Arrays of iron nanowires (NWs) obtained by template-assisted electrodeposition constitute a promising composite material characterized by a combination of high magnetization in the filler and perpendicular magnetic anisotropy. The properties of these composites arise from the interplay between the behavior of individual NWs and their magnetostatic interactions. In this study, we investigated NW arrays with identical wire diameters but varying spatial arrangements. Major hysteresis loops were studied under various field directions relative to the NW axis. Key parameters such as the slope of the magnetization curve, saturation magnetization, and coercive force were quantified. Additionally, FORC (First Order Reversal Curve) measurements were conducted with the field oriented longitudinally with respect to the NW, offering insights into the inhomogeneity of the demagnetizing field influenced by the NW array's configuration. In the sample with the highest NW density, we observed isotropic behavior of the effective demagnetizing field, and we proposed an explanation for this phenomenon using the effective media approach.
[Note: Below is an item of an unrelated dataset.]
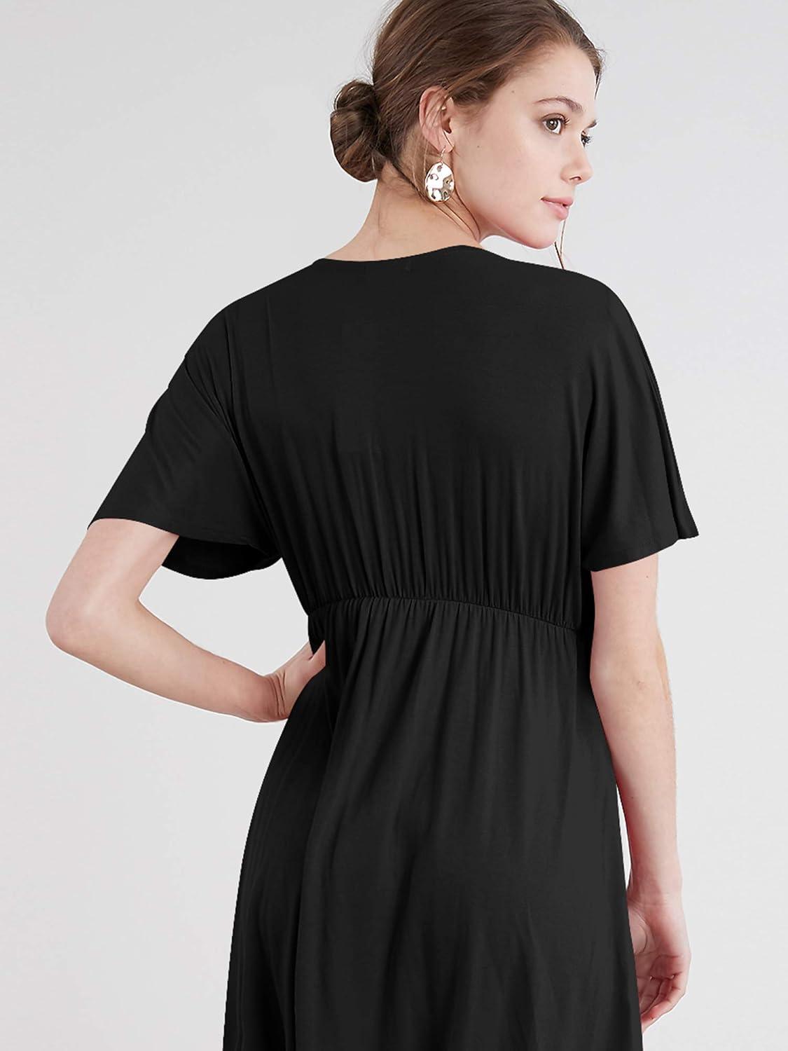When it comes to comfort, the airy fabric of this summer dress truly stands out.The kimono-style sleeves provide a relaxed fit that doesn’t restrict movement, making it perfect for warm days when breathability is key. We found the soft material gentle against the skin, which adds to the overall ease of wearing it all day. The deep V neckline enhances the design without sacrificing comfort, offering a flattering silhouette that feels effortlessly casual yet stylish.

Micromagnetic simulations revealed that the magnetic behavior of individual NWs with a 100 nm diameter can be described as an interchange between volumes characterized by vortex and uniform magnetization patterns. Calculations of the demagnetizing field using the effective medium model demonstrated excellent agreement with experimental data across arrays featuring different NW densities. Remarkably, the quantitative consistency of coercive field values obtained from micromagnetic simulations and experimental measurements in the range of angles from 0° to 45° for the studied samples underscores the structural homogeneity of the obtained NWs.